About the Author(s)


Supa Pengpid symbol
ASEAN Institute for Health Development, Mahidol University, Salaya, Phutthamonthon, Nakhon Pathom, Thailand

Department of Research Administration and Development, University of Limpopo, Polokwane, South Africa

Karl Peltzer Email symbol
Department of Research Administration and Development, University of Limpopo, Polokwane, South Africa

Department of Human and Social Capabilities, Human Sciences Research Council, Pretoria, South Africa

Shandir Ramlagan symbol
Department of Human and Social Capabilities, Human Sciences Research Council, Pretoria, South Africa

Citation


Pengpid S, Peltzer K, Ramlagan S. Prevalence and correlates of hazardous, harmful or dependent alcohol use and drug use amongst persons 15 years and older in South Africa: Results of a national survey in 2017. Afr J Prm Health Care Fam Med. 2021;13(1), a2847. https://doi.org/10.4102/phcfm.v13i1.2847

Original Research

Prevalence and correlates of hazardous, harmful or dependent alcohol use and drug use amongst persons 15 years and older in South Africa: Results of a national survey in 2017

Supa Pengpid, Karl Peltzer, Shandir Ramlagan

Received: 19 Nov. 2020; Accepted: 15 Feb. 2021; Published: 23 Mar. 2021

Copyright: © 2021. The Author(s). Licensee: AOSIS.
This is an Open Access article distributed under the terms of the Creative Commons Attribution License, which permits unrestricted use, distribution, and reproduction in any medium, provided the original work is properly cited.

Abstract

Background: Harmful alcohol and illicit drug use significantly contribute the burden of disease.

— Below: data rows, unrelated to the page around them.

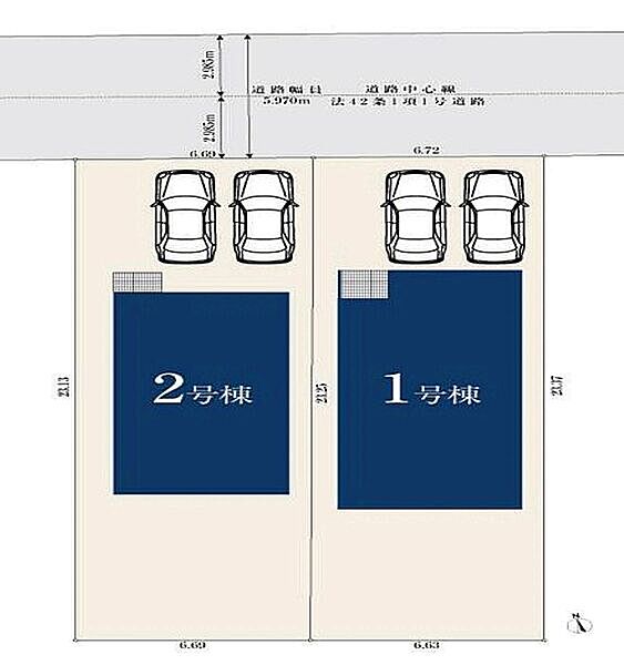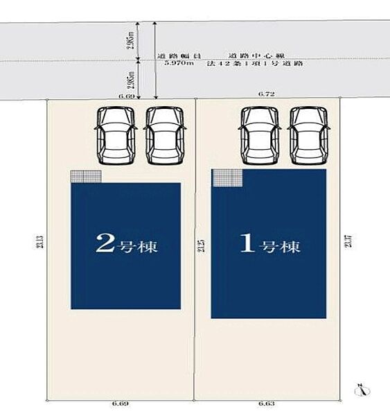 | 駐車場 | 2台(有/2台(1・2号棟)) | 道路の幅員 | 5.9m |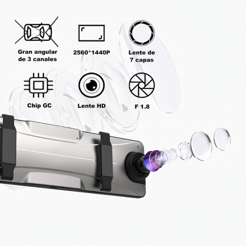 ¿Quieres manejar con más tranquilidad y seguridad? Este espejo retrovisor con cámara integrada es justo lo que necesitas para tu coche. Con pantalla grande de 12 pulgadas y grabación en 4K ultra HD, vas a ver todo clarísimo, de día y de noche.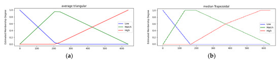 To estimate the fuzzy membership function, it is necessary to set an appropriate category for the input value and the result value. We basically define the result value as a value that indicates how well the input condition meets the criteria indicated by the If–Then rule. For the input value, three categories of high, match, and low were constructed by calculating the reference point according to the constant value estimation method. Based on the results of extracting the five characteristics specified in Table 2 from the data learned for the generation of membership functions, two methods to estimate high and low membership were defined: by calculating the first and third quartiles and simply using maximum and maximum values. In the end, a mixture of two methods is applied. When the maximum and minimum values are used as criteria for high and low, the membership functions of trapezoidal and triangular models can be used, which can help compensate for the imperfections of the training data.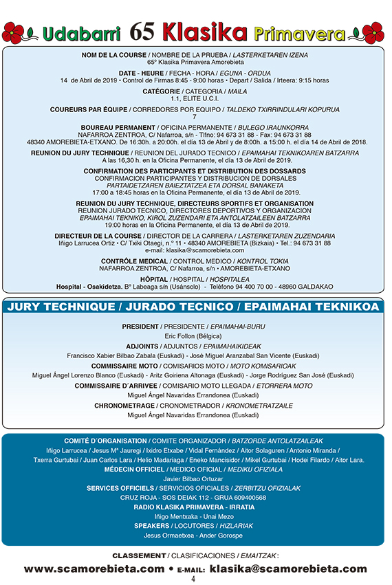 La 65ª edición de la Klasika Primavera -organizada por la SC Amorebieta- se presenta este domingo 14 de abril con un recorrido de 171.6 km., practicamente los mismos que en la última edición en la que se impuso el costarricense Andrey Amador con su compañero Alejandro Valverde a rueda.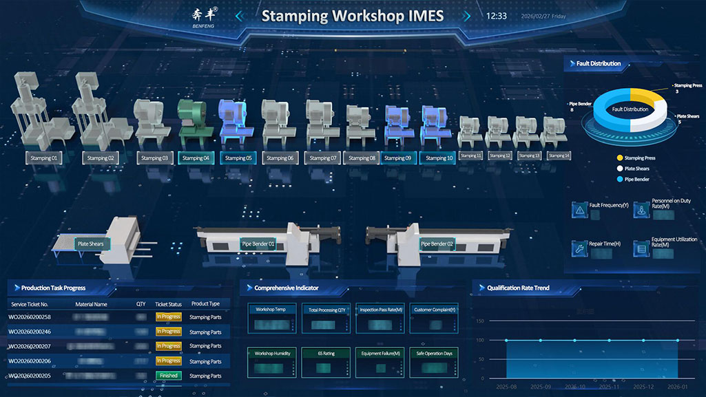 จุดเริ่มต้นหลักในการสร้างโครงเบาะนั่ง ติดตั้งสายการผลิตการปั๊มขึ้นรูปที่มีความแม่นยำ โดยอาศัยแพลตฟอร์ม IMES ในการตรวจสอบพารามิเตอร์กระบวนการแบบเรียลไทม์ ทำให้มั่นใจในความแม่นยำและความสม่ำเสมอของชิ้นส่วนที่ประทับแต่ละชิ้น วางรากฐานโครงกระดูกที่เชื่อถือได้สำหรับกระบวนการต่อๆ ไป
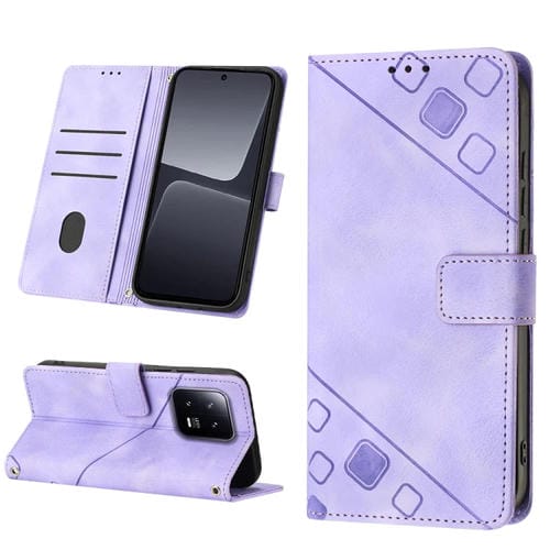Para Xiaomi 13 Pro Estuche para Teléfono de Cuero En Relieve con Tacto de Piel (Púrpura Claro)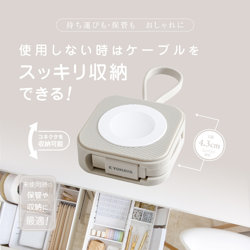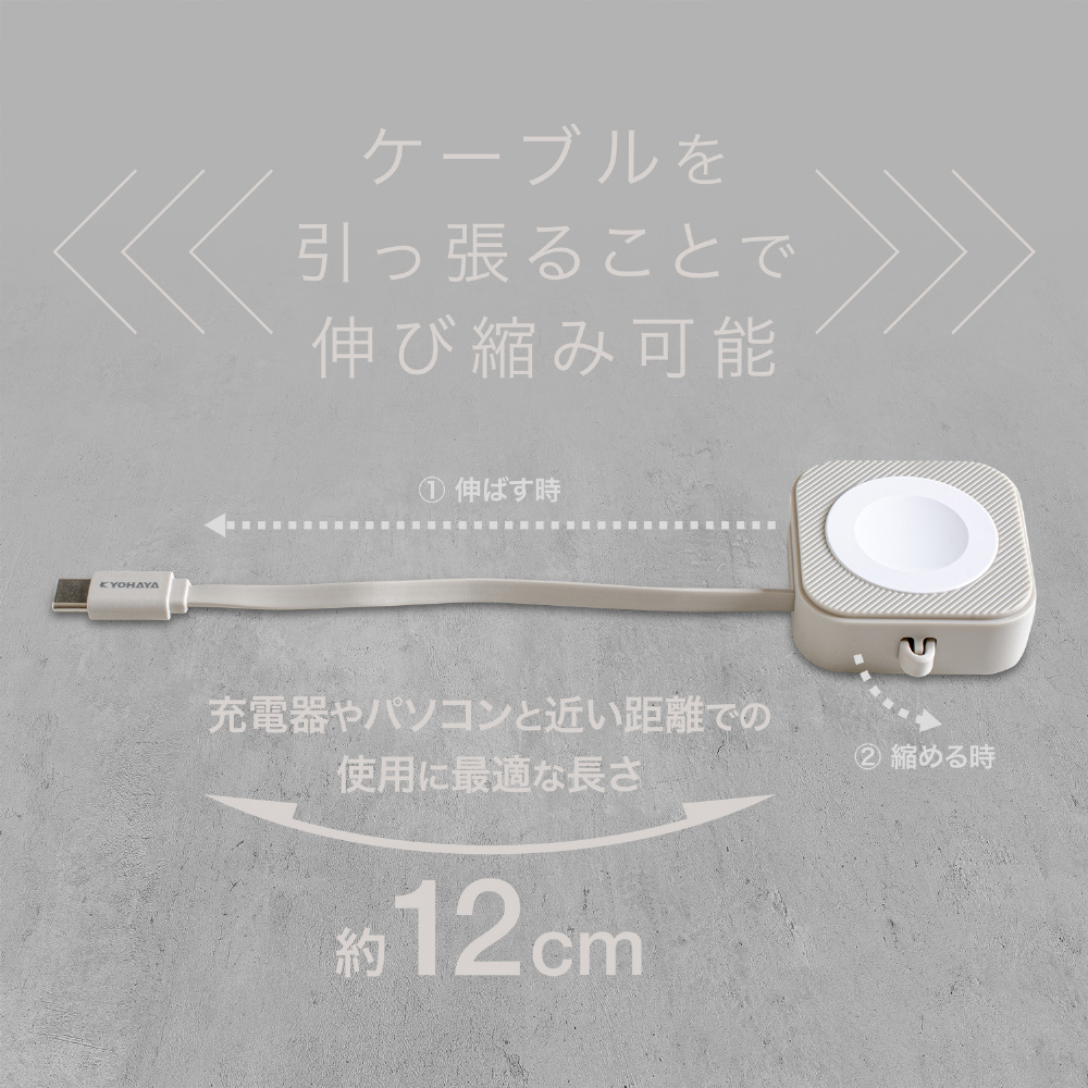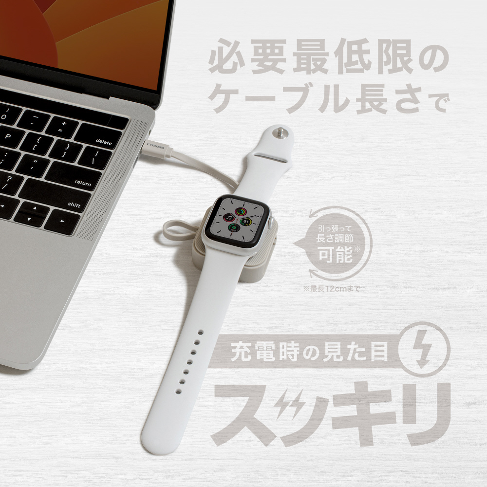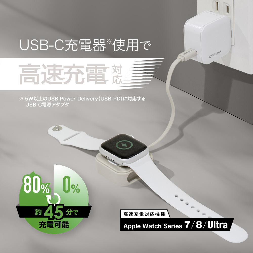 高速充電AppleWatchSeries7/8/Ultraでは高速充電に対応。コネクタを本体に収納できるので持ち運びに最適。

Aim: This study aimed to assess the prevalence and correlates of hazardous, harmful or dependent alcohol (HHDA) use and drug use amongst persons 15 years and older in South Africa.

Setting: Population-based survey.

Method: In a national cross-sectional 2017 survey, 39 210 persons 15 years and older (Median = 34 years) responded to a questionnaire on substance and health variables. The prevalence of HHDA use was 10.3% and past 3-month drug use 8.6%.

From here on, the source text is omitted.